A Connectionist Technique for Accelerated 
Textual Input: Letting a Network Do the Typing 
Dean A. Pomerleau 
pomerlea@cs.cmu.edu 
School of Computer Science 
Carnegie Mellon University 
Pittsburgh, PA 15213 
Abstract 
Each year people spend a huge amount of time typing. The text people type 
typically contains a tremendous amount of redundancy due to predictable 
word usage patterns and the text's structure. This paper describes a 
neural network system call AutoTypist that monitors a person's typing and 
predicts what will be entered next. AutoTypist displays the most likely 
subsequent word to the typist, who can accept it with a single keystroke, 
instead of typing it in its entirety. The multi-layer perceptron at the heart 
of AutoTypist adapts its predictions of likely subsequent text to the user's 
word usage pattern, and to the characteristics of the text currently being 
typed. Increases in typing speed of 2-3% when typing English prose and 
10-20% when typing C code have been demonstrated using the system, 
suggesting a potential time savings of more than 20 hours per user per year. 

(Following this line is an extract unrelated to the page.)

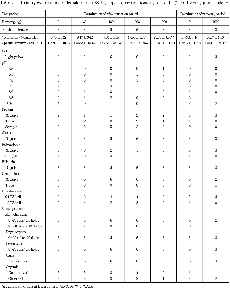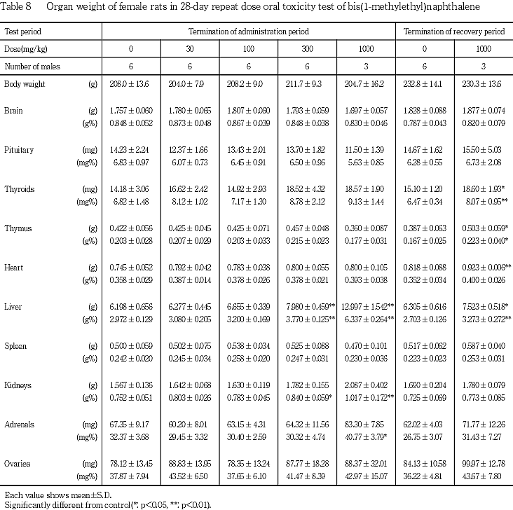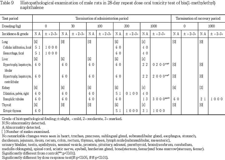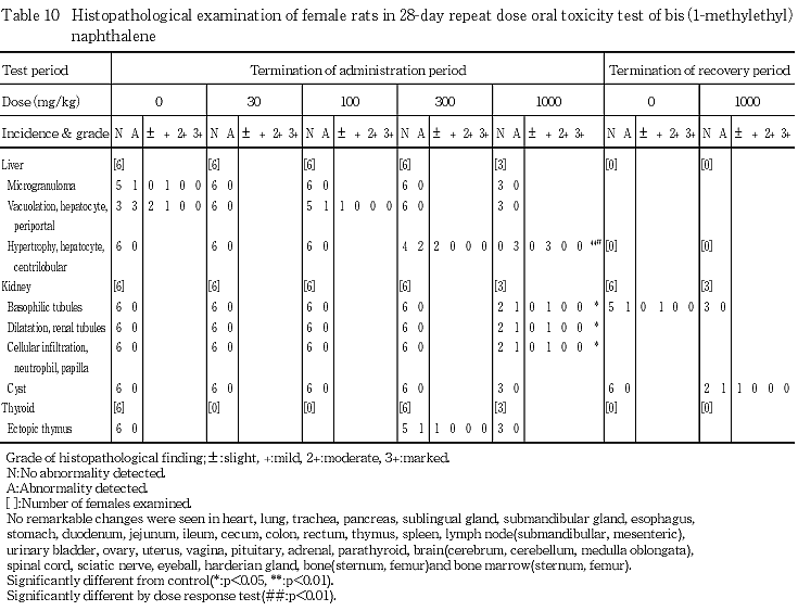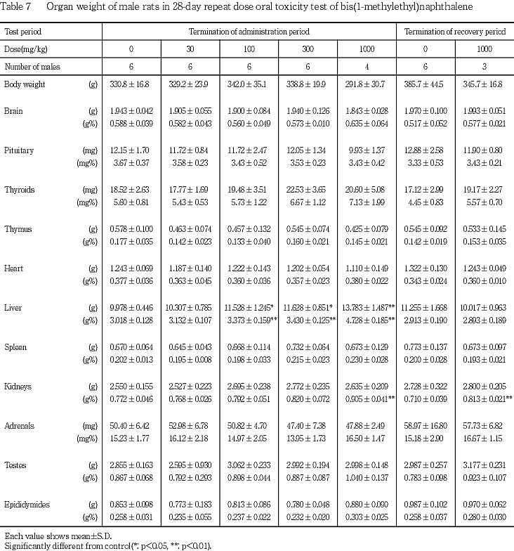 血液生化学検査において,30および100 mg/kg群の雌で総コレステロールの高値が,300 mg/kg群の雄で総ビリルビンの高値ならびにトリグリセライドの低値が,雌で総ビリルビンおよび総コレステロールの高値が,1000 mg/kg群の雄でGPT,γ-GTP,総ビリルビンおよび総コレステロールの高値あるいは高値傾向ならびにトリグリセライドの低値が,雌でGPT,γ-GTP,総ビリルビン,総コレステロールおよびトリグリセライドの高値がみられた.また,器官重量においても,100,300および1000 mg/kg群の雄ならびに300および1000 mg/kg群の雌で肝臓の絶対および相対重量の高値がみられた.病理組織学検査では,肝臓において300 mg/kg群で小葉中心性肝細胞肥大が雌に,1000 mg/kg群で小葉全体の肝細胞肥大が雄に,小葉中心性肝細胞肥大が雌雄にみられており,ビス(1-メチルエチル)ナフタレンは肝臓に影響を及ぼすと考えられる.なお,上記のように,トリグリセライドは,投与により雄では減少し,雌では増加したが,この原因は不明であった.また,1000 mg/kg群の雌で尿素窒素およびクレアチニンの高値傾向がみられ,1000 mg/kg群の雄で腎臓の相対重量の高値ならびに300および1000 mg/kg群の雌で腎臓の絶対および相対重量の高値あるいは高値傾向がみられた.

In addition to increasing typing speed, AutoTypist reduces the number of 
keystrokes a user must type by a similar amount (2-3% for English, 10- 
20% for computer programs). This keystroke savings has the potential to 
significantly reduce the frequency and severity of repeated stress injuries 
caused by typing, which are the most common injury suffered in today's 
office environment. 
1 Introduction 
People in general, and computer professionals in particular, spend a huge amount of time 
typing. Most of this typing is done sitting in front of a computer display using a keyboard as 
the primary input device. There are a number of efforts using artificial neural networks and 
other techniques to improve the comfort and efficiency of human-computer communication 
using alternative modalities. Speech recognition [Waibel et al., 1988], handwritten character 
recognition [LeCun et al., 1989], and even gaze tracking [Baluja & Pomerleau, 1993] have 
104 0 Dean Pomerleau 
the potential to facilitate this communication. But these technologies are still in their infancy, 
and at this point cannot approach the speed and accuracy of even a moderately skilled typist 
for textual input. 
Is there some way to improve the efficiency of standard keyboard-based human-computer 
communication? The answer is yes, there are several ways to make typing more efficient. 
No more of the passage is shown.